*** Input Section Begins ***

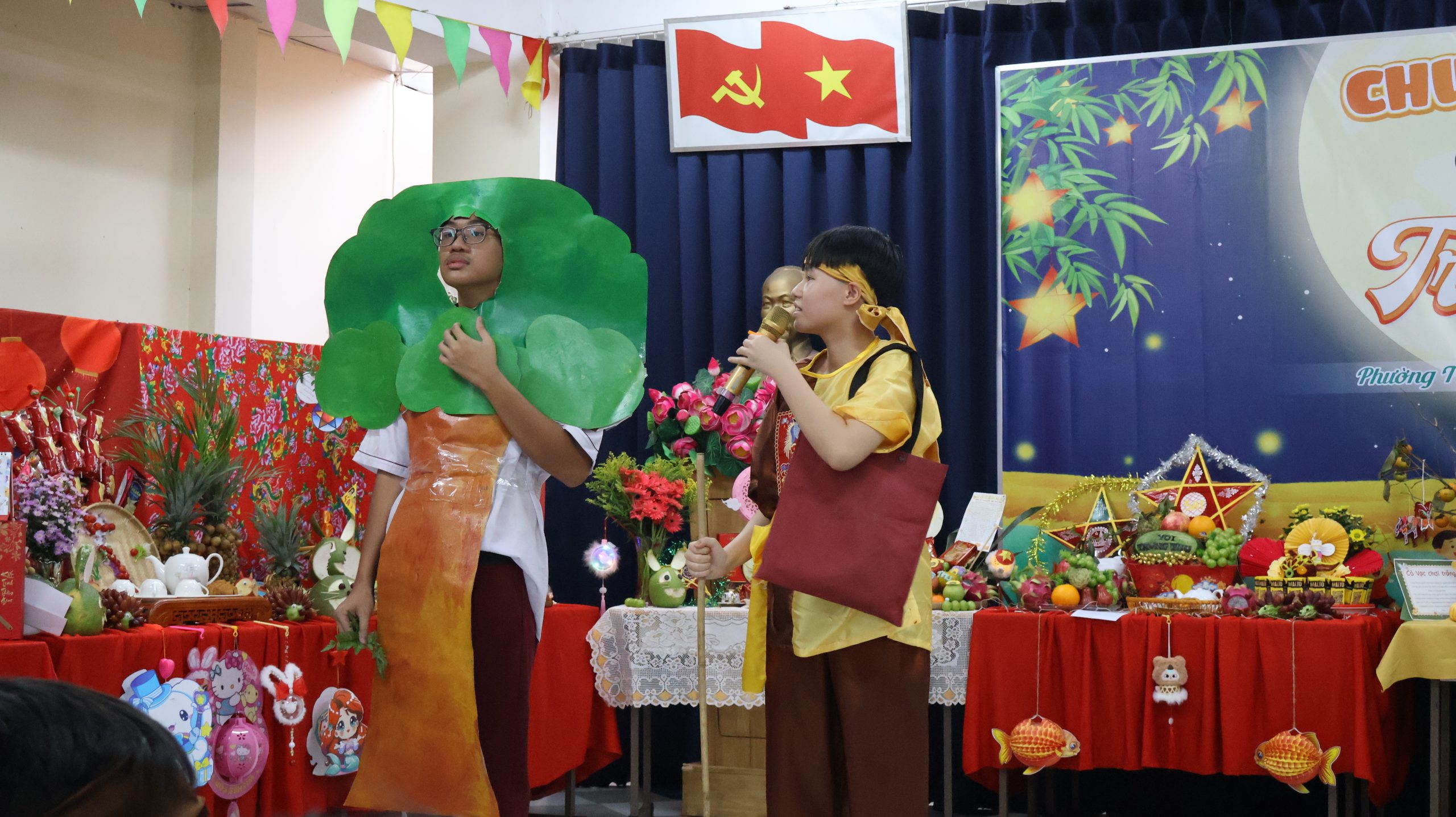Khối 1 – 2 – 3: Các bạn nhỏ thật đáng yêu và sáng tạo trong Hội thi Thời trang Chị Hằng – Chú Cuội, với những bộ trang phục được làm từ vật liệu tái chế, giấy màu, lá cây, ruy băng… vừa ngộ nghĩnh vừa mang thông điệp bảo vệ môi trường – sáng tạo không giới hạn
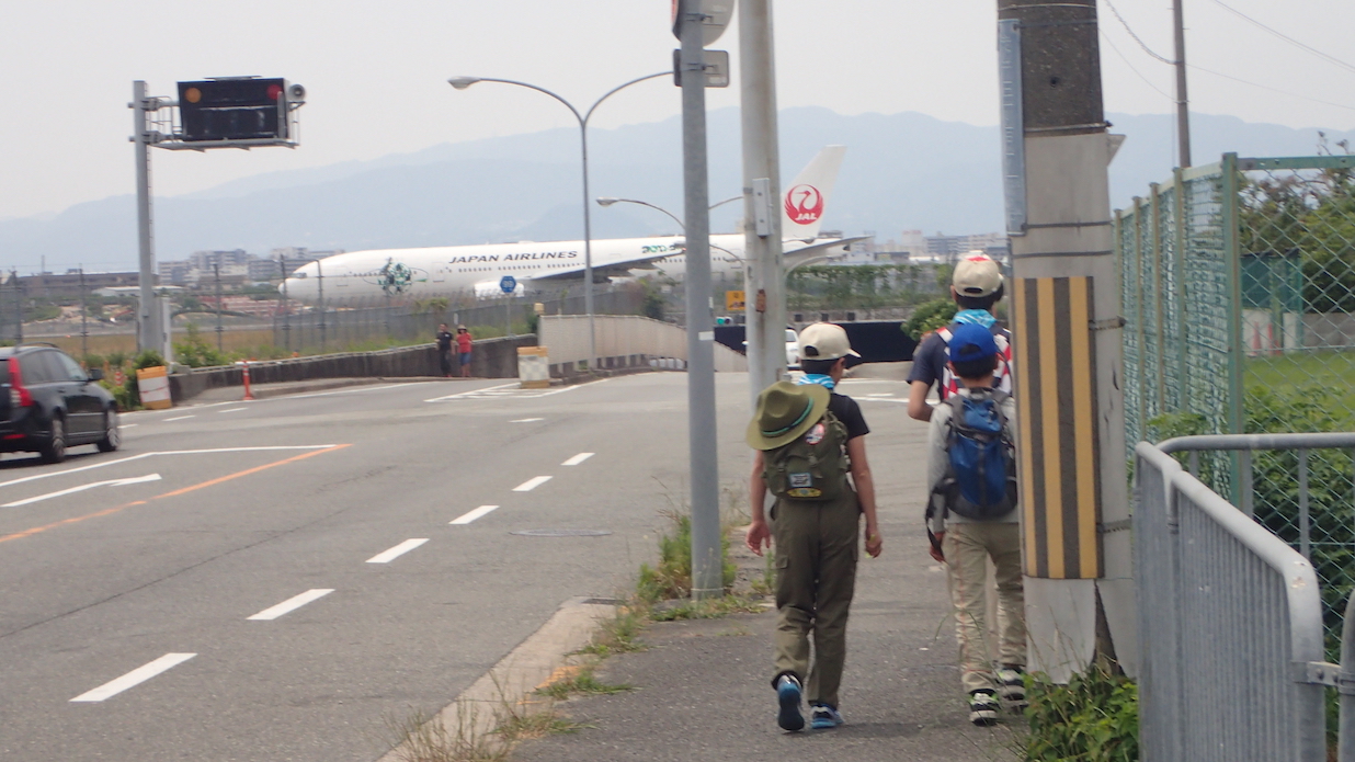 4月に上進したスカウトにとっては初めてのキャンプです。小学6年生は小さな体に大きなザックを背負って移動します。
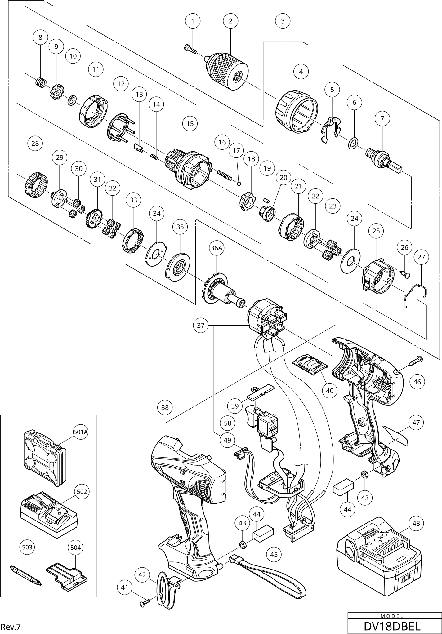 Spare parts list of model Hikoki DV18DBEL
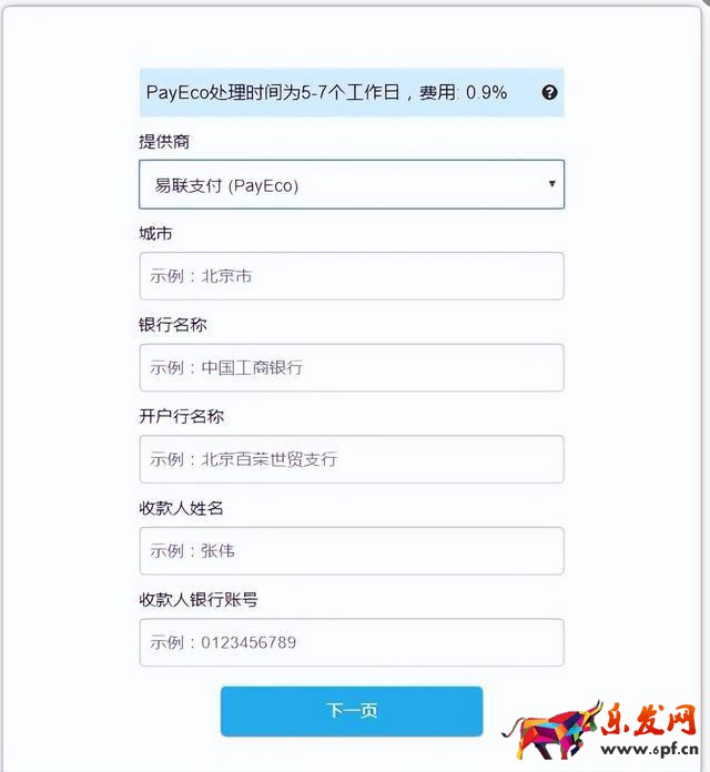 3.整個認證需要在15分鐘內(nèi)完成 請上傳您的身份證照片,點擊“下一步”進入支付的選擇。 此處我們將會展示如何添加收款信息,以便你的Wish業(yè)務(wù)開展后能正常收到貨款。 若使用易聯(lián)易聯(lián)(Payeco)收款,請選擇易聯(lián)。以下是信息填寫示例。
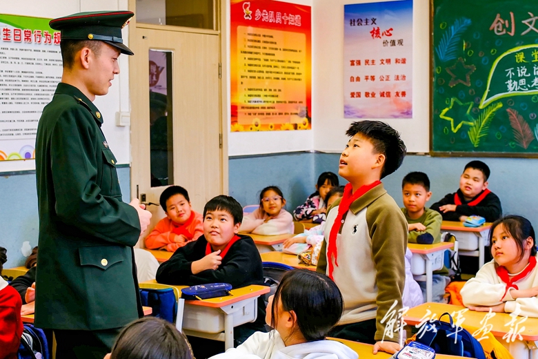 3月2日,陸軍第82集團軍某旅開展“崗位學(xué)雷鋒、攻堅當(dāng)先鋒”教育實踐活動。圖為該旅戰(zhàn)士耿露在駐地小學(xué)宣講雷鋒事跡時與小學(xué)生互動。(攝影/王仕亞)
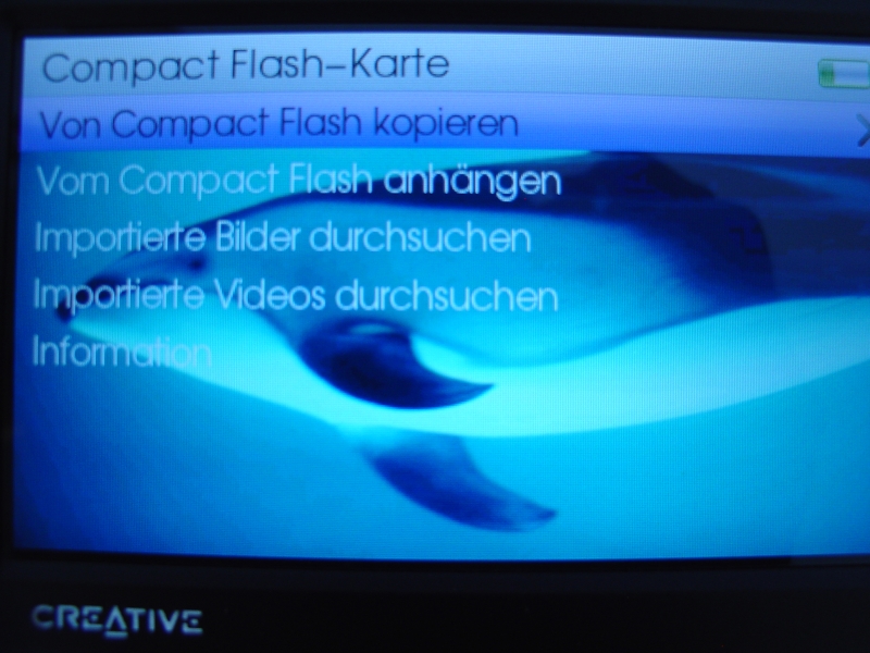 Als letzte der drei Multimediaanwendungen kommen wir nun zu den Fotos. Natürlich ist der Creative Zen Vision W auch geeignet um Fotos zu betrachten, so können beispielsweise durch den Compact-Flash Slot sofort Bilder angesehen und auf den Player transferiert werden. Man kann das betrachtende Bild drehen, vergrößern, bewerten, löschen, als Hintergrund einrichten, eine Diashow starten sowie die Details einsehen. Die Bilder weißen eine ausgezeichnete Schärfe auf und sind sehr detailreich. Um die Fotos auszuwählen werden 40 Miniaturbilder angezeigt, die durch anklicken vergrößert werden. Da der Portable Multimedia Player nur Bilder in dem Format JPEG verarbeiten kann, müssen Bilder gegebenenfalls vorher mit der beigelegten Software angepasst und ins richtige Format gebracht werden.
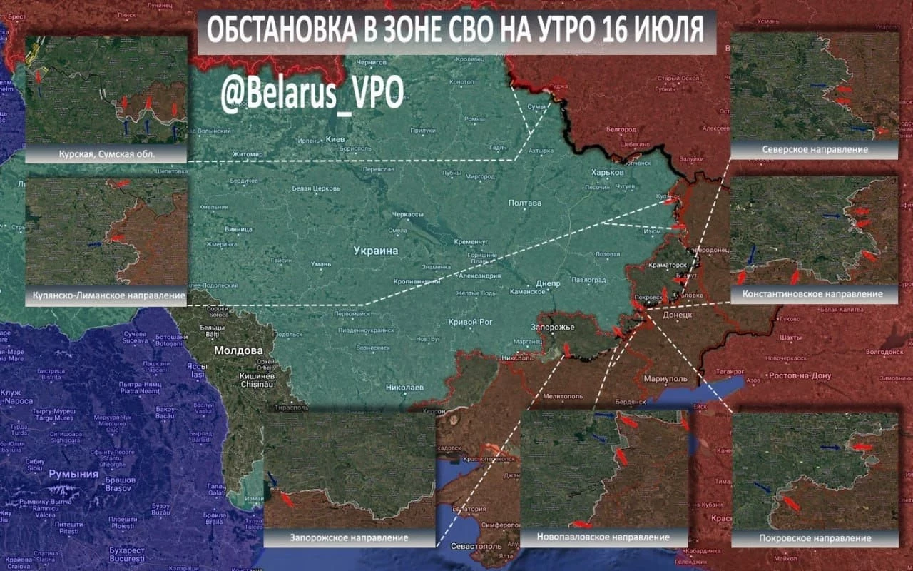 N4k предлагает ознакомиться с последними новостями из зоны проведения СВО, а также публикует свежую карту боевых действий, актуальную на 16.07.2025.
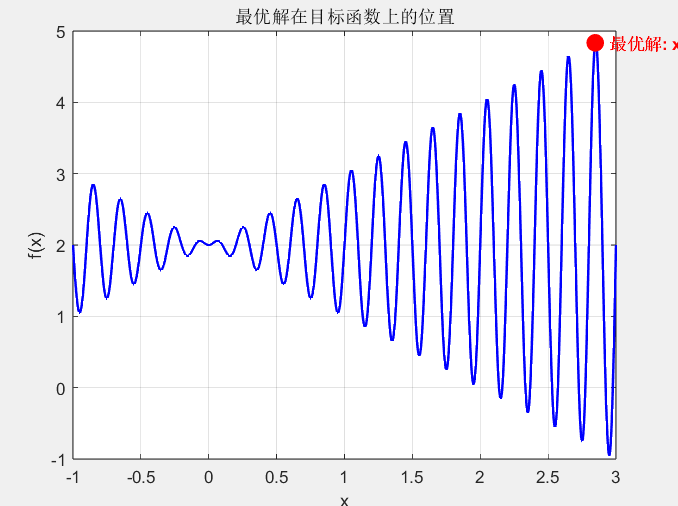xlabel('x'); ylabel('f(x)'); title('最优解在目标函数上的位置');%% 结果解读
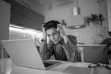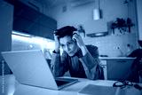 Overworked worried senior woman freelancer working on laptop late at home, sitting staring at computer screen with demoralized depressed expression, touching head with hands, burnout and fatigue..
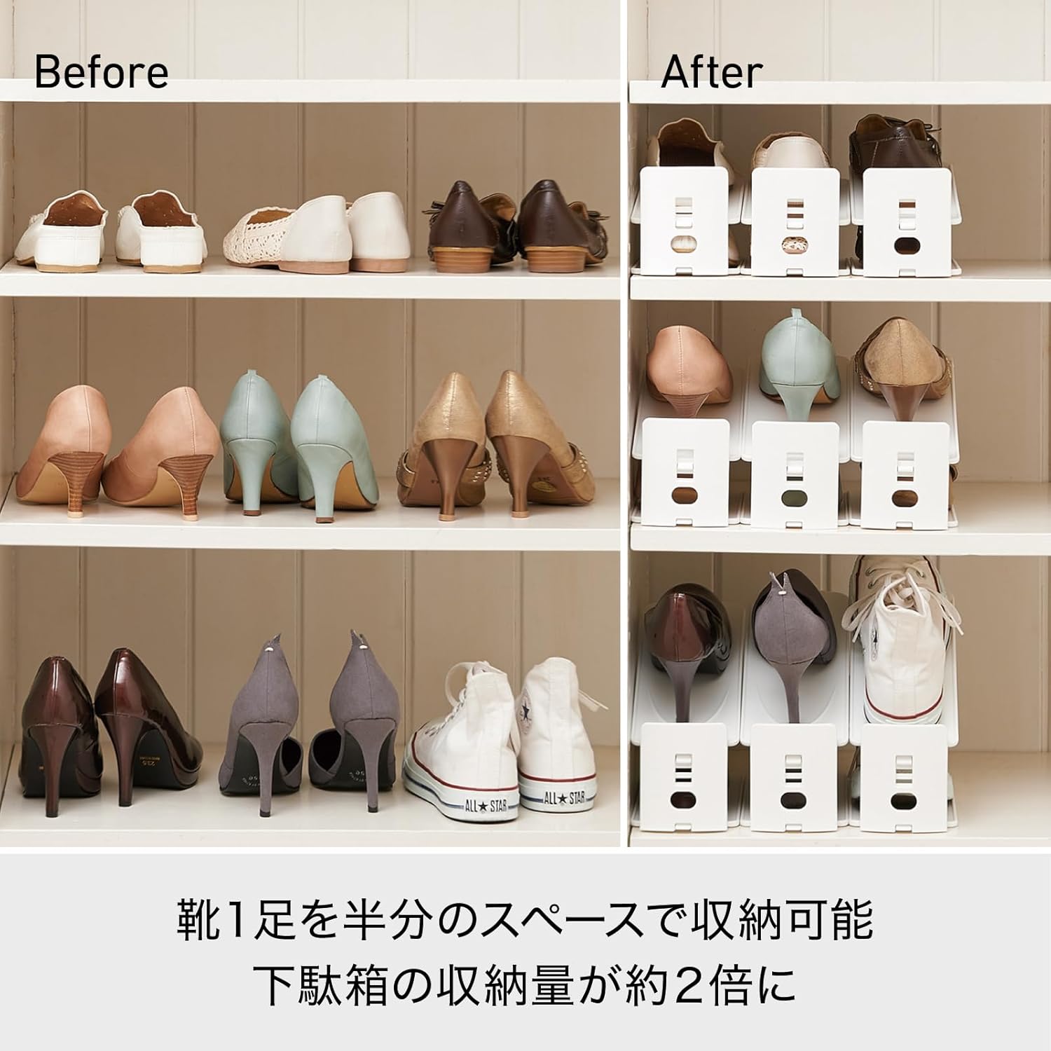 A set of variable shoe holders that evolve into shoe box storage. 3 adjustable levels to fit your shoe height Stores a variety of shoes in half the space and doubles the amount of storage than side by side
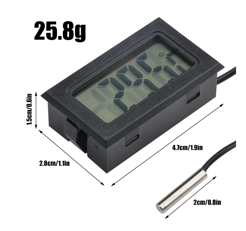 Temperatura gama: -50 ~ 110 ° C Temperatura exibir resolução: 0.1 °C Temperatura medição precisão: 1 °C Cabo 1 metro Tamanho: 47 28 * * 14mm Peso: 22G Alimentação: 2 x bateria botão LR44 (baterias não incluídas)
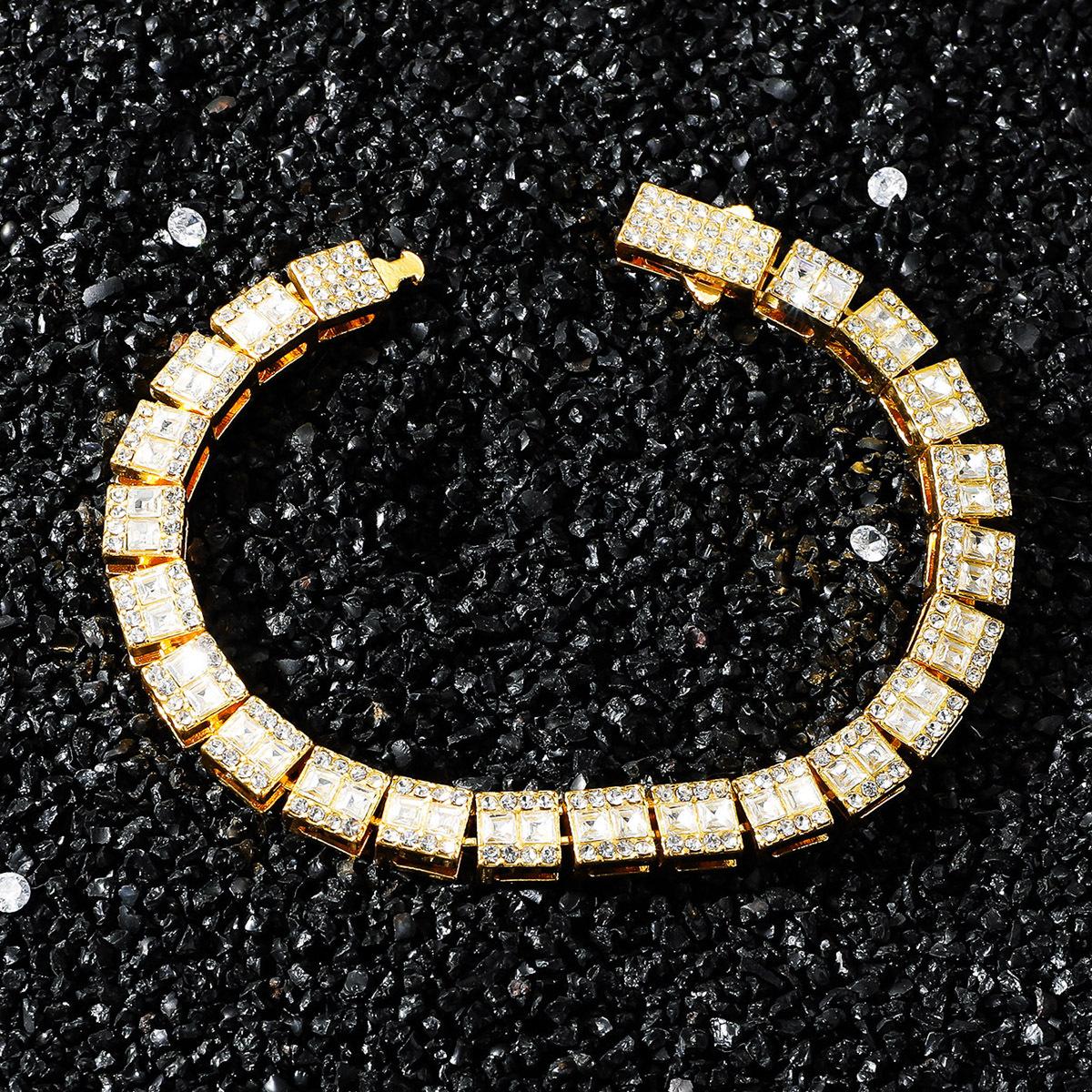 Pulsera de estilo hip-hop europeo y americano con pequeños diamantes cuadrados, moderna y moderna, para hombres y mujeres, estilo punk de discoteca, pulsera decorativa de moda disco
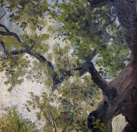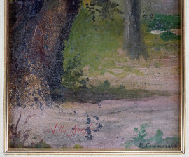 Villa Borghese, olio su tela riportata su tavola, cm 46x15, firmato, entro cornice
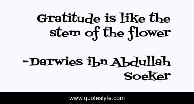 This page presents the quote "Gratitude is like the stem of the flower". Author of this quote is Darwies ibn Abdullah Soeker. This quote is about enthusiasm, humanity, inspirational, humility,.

*** Input Section Ends ***

> Problem requirements: What you need to produce is an exact copy of the entries above, limited to the lines from the one with "A set of variable" up to and including the one with "Villa Borghese, olio", without pictures.

> Answer to the problem:
 A set of variable shoe holders that evolve into shoe box storage. 3 adjustable levels to fit your shoe height Stores a variety of shoes in half the space and doubles the amount of storage than side by side
 Temperatura gama: -50 ~ 110 ° C Temperatura exibir resolução: 0.1 °C Temperatura medição precisão: 1 °C Cabo 1 metro Tamanho: 47 28 * * 14mm Peso: 22G Alimentação: 2 x bateria botão LR44 (baterias não incluídas)
 Pulsera de estilo hip-hop europeo y americano con pequeños diamantes cuadrados, moderna y moderna, para hombres y mujeres, estilo punk de discoteca, pulsera decorativa de moda disco
 Villa Borghese, olio su tela riportata su tavola, cm 46x15, firmato, entro cornice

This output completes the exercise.